Né à Leipzig en Allemagne, il s’installe dès 1935 à Paris afin d’être au centre de la création artistique la plus avant-gardiste, et développe un art abstrait gestuel. Mais sa situation précaire, son exil, ne lui permettent pas de vivre sereinement.

Acculé par la déclaration de guerre, il s’engage dans la Légion étrangère française en 1939, se cache en zone libre, fuit ensuite en Espagne, et se réengage en 1944 pour combattre le nazisme. Brancardier, il est envoyé sur le front et blessé au cours de la bataille de Belfort, alors qu’il portait secours à un camarade. Il est amputé, ce qui affecte profondément son identité : il doit non seulement apprendre à vivre avec son handicap, mais il doit aussi apprendre à peindre avec un corps mutilé.

 

 

Hans Hartung légionnaire, Sidi-bel-Abbès 1950 - D.R.

 

 

L’exposition au musée Zervos se propose donc de retracer ces années de guerre pour Hartung, tant du côté de sa production artistique que de celui de son quotidien.

Les œuvres exposées s’inscrivent pour une part dans la continuité de ses productions des années 1930 : on y décèle le geste caractéristique de l’artiste, fait de formes abstraites aux vifs contours noirs et d’aplats colorés vaporeux.
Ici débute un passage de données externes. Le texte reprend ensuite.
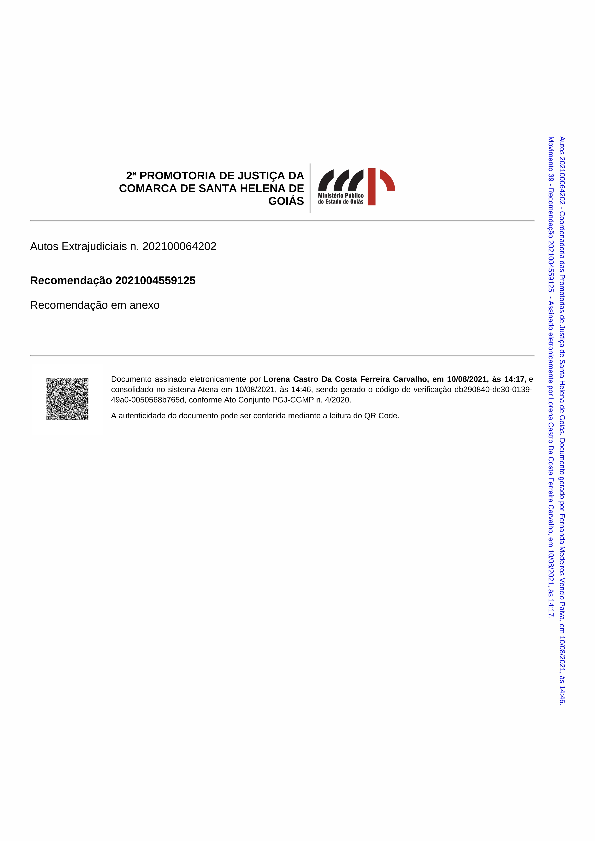 A Secretaria Municipal da Cidade, atendendo a 2º Promotoria de Justiça do Ministério Público do Estado de Goiás, torna pública a seguinte Recomendação que trata da necessidade dos proprietários/possuidores de imóveis com áreas não edificadas, subutilizadas e não utilizadas de fazerem a conservação, em perfeito estado de higiene, limpeza e manutenção, de tais imóveis, principalmente se tratarem de terreiro baldios, sob pena de autuação.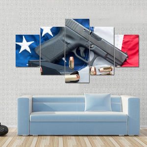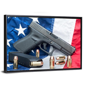 This powerful canvas art features a striking close-up of a handgun, loose bullets, and the American flag, creating a serious and patriotic atmosphere. Its bold colors of red, white, and blue, along with accents of black and gold, make it a captivating addition to any wall.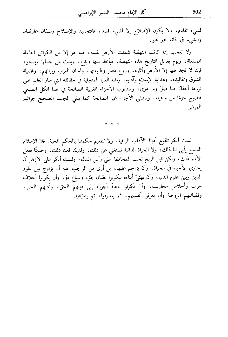 ولا تعجب إذا كانت النهضة شملت الأزهر نفسه، فما هو إلا من الكوائن الفاعلة المنفعلة، ولوم يغربل التاريخ هذه النهضة، فيأخذ منها ويدع، ويثبت من جملها ويمحو، فإننا لا نجد فيها إلا الأزهر وآثاره، وروح مصر وطبيعتها، ولسان العرب وبيانهم، وفضيلة الشرق وتقاليده، وهداية الإسلام وآدابه، ومثله العليا المتجلية في حقائقه التي سار العالم على نورها أحقابًا فما ضلّ وما غوى، وستذوب الأجزاء الغريبة الصالحة في هذا الكل الطبيعي فتصبح جزءًا من ماهيته، وستنفى الأجزاء غير الصالحة كما ينفي الجسم الصحيح جراثيم المرض.

Mais ces années sont aussi marquées par l’expérimentation d’un étonnant vocabulaire figuratif, qu’il s’agisse de la série des « Têtes », ces visages apeurés faisant écho au célèbre Guernica de Picasso, ou de ses constructions biomorphiques et presque sculpturales marquées par la rencontre et la collaboration avec le célèbre sculpteur Julio González.

Ainsi, et malgré la pénurie et les nombreux déplacements qu’il doit effectuer par sa position de légionnaire et de fugitif, Hartung continue d’innover.

Un important ensemble de documents d’époque et de photographies issus des archives personnelles de l’artiste est également présenté en vis-à-vis des œuvres, ce qui permet d’appréhender à la fois ses années de clandestinité en zone libre auprès de son épouse Roberta González, son expérience concentrationnaire en Espagne, son engagement dans l’armée et ses échanges avec les États-Unis.

 

 

 

Enfin, cette exposition est l’occasion d’évoquer l’estime réciproque entretenue entre Hans Hartung et Christian Zervos. Leur relation jalonne ainsi l’exposition, de leur rencontre en 1935 à la reproduction d’une œuvre de Hartung dans la revue Cahiers d’Art dirigée par Zervos en 1952, montrant la continuité dans la pratique de l’artiste rendue possible par le soutien de ses plus fidèles amis.

 

Hartung dans les cahiers de l’Art 1931 – 1952

 

Avant de devenir un artiste incontournable après la seconde guerre mondiale, Hans Hartung n’a pas été beaucoup suivi, soutenu, commenté ni reproduit dans les années 1930. Chacun de ses alliés a donc été, à sa manière, un visionnaire.

Et ce n’est pas un hasard s’ils étaient tous appelés à devenir des références comme historiens, critiques et collectionneurs au XXe siècle : entre autres, Will Grohmann en Allemagne, Albert Eugene Gallatin et James Johnson Sweeney aux États-Unis et, en France, Christian Zervos. En plus d’avoir exposé Hartung et de l’avoir intégré dans des réseaux parisiens, Zervos a montré son œuvre dans la très prestigieuse revue qu’il dirigeait, Cahiers d’art, dont le peintre était en outre un lecteur attentif.

En 1938 dans le numéro 1-2 consacré à l’état de l’art en Allemagne, en Angleterre et aux États-Unis, les propos de Will Grohmann sont illustrés par T1931-2, une œuvre de 1931 parmi celles qui ont marqué le retour de Hartung à l’abstraction. Plus tard, T1951-2 qui était une des peintures favorites de Hartung, sera quant à elle présente dans un numéro de 1952 des Cahiers d’art. Les deux pièces signées à vingt ans d’écart, avant et après la guerre, démontrent la continuité dans la pratique de l’artiste rendue possible par le soutien de ses plus fidèles amis.

 

Hans Hartung - Gouache sur papier -Sans titre 1940 (D.R.)

 

Hans Hartung 1942 Huile sur papier contrecollé sur carte (D.R.)